◆ **Work instruction**: Hand back all records exactly, pictures omitted.

------------------------------------------------

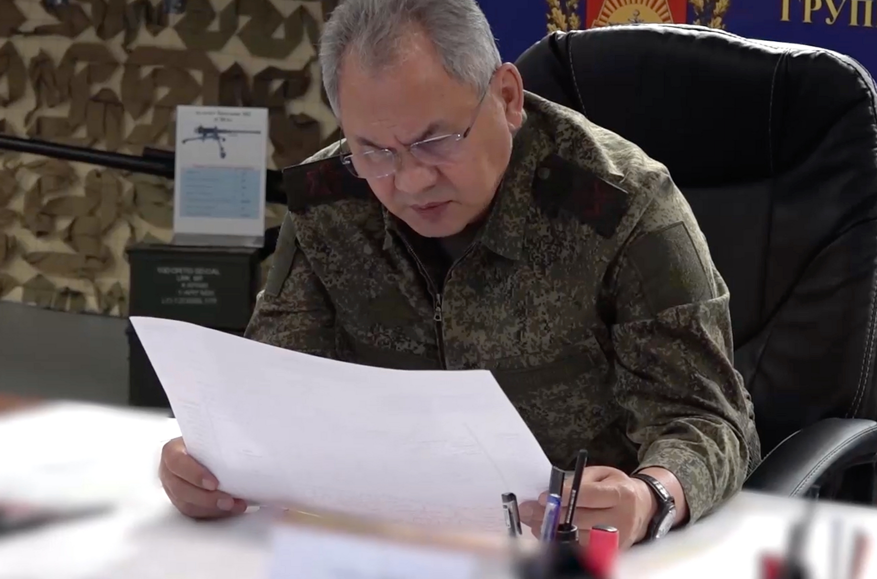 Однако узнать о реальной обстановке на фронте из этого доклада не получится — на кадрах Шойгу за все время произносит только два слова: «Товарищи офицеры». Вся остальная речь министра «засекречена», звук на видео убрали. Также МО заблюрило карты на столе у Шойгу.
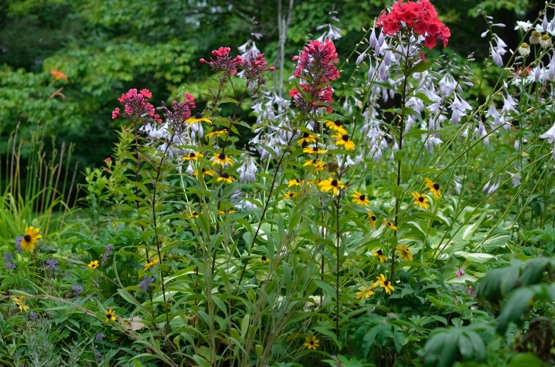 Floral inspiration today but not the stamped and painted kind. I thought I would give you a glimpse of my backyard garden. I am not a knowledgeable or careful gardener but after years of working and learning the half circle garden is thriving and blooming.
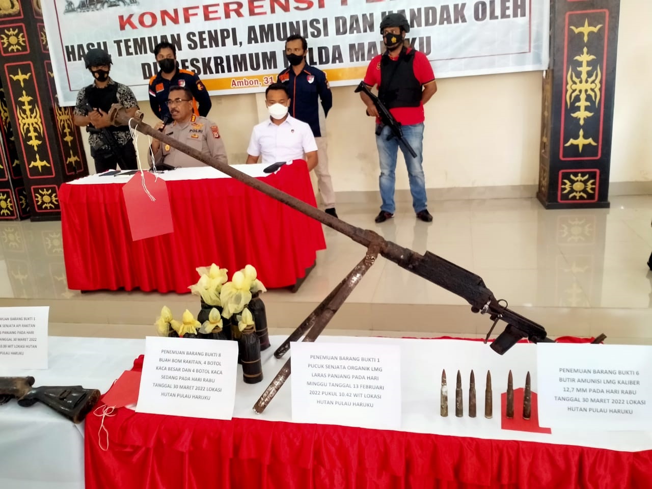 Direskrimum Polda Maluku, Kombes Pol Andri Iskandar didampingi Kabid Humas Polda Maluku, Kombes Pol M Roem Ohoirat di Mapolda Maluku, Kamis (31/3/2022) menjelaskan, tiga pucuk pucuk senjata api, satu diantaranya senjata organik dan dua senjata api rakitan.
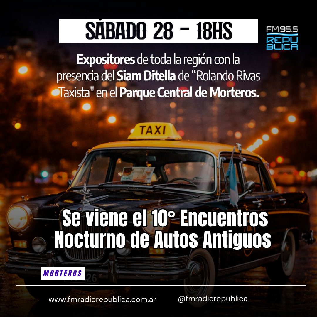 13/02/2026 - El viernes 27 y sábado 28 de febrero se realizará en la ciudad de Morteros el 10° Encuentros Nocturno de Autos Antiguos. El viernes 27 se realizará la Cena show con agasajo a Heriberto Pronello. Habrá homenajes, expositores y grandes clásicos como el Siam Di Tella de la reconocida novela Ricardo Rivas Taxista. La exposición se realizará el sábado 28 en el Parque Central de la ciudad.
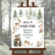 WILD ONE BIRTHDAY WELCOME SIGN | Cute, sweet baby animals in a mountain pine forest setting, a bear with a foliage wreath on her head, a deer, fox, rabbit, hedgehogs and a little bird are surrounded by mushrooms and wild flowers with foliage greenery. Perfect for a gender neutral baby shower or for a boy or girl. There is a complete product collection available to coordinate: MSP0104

------------------------------------------------

◆ **Completed exercise**:
 Однако узнать о реальной обстановке на фронте из этого доклада не получится — на кадрах Шойгу за все время произносит только два слова: «Товарищи офицеры». Вся остальная речь министра «засекречена», звук на видео убрали. Также МО заблюрило карты на столе у Шойгу.
 Floral inspiration today but not the stamped and painted kind. I thought I would give you a glimpse of my backyard garden. I am not a knowledgeable or careful gardener but after years of working and learning the half circle garden is thriving and blooming.
 Direskrimum Polda Maluku, Kombes Pol Andri Iskandar didampingi Kabid Humas Polda Maluku, Kombes Pol M Roem Ohoirat di Mapolda Maluku, Kamis (31/3/2022) menjelaskan, tiga pucuk pucuk senjata api, satu diantaranya senjata organik dan dua senjata api rakitan.
 13/02/2026 - El viernes 27 y sábado 28 de febrero se realizará en la ciudad de Morteros el 10° Encuentros Nocturno de Autos Antiguos. El viernes 27 se realizará la Cena show con agasajo a Heriberto Pronello. Habrá homenajes, expositores y grandes clásicos como el Siam Di Tella de la reconocida novela Ricardo Rivas Taxista. La exposición se realizará el sábado 28 en el Parque Central de la ciudad.
 WILD ONE BIRTHDAY WELCOME SIGN | Cute, sweet baby animals in a mountain pine forest setting, a bear with a foliage wreath on her head, a deer, fox, rabbit, hedgehogs and a little bird are surrounded by mushrooms and wild flowers with foliage greenery. Perfect for a gender neutral baby shower or for a boy or girl. There is a complete product collection available to coordinate: MSP0104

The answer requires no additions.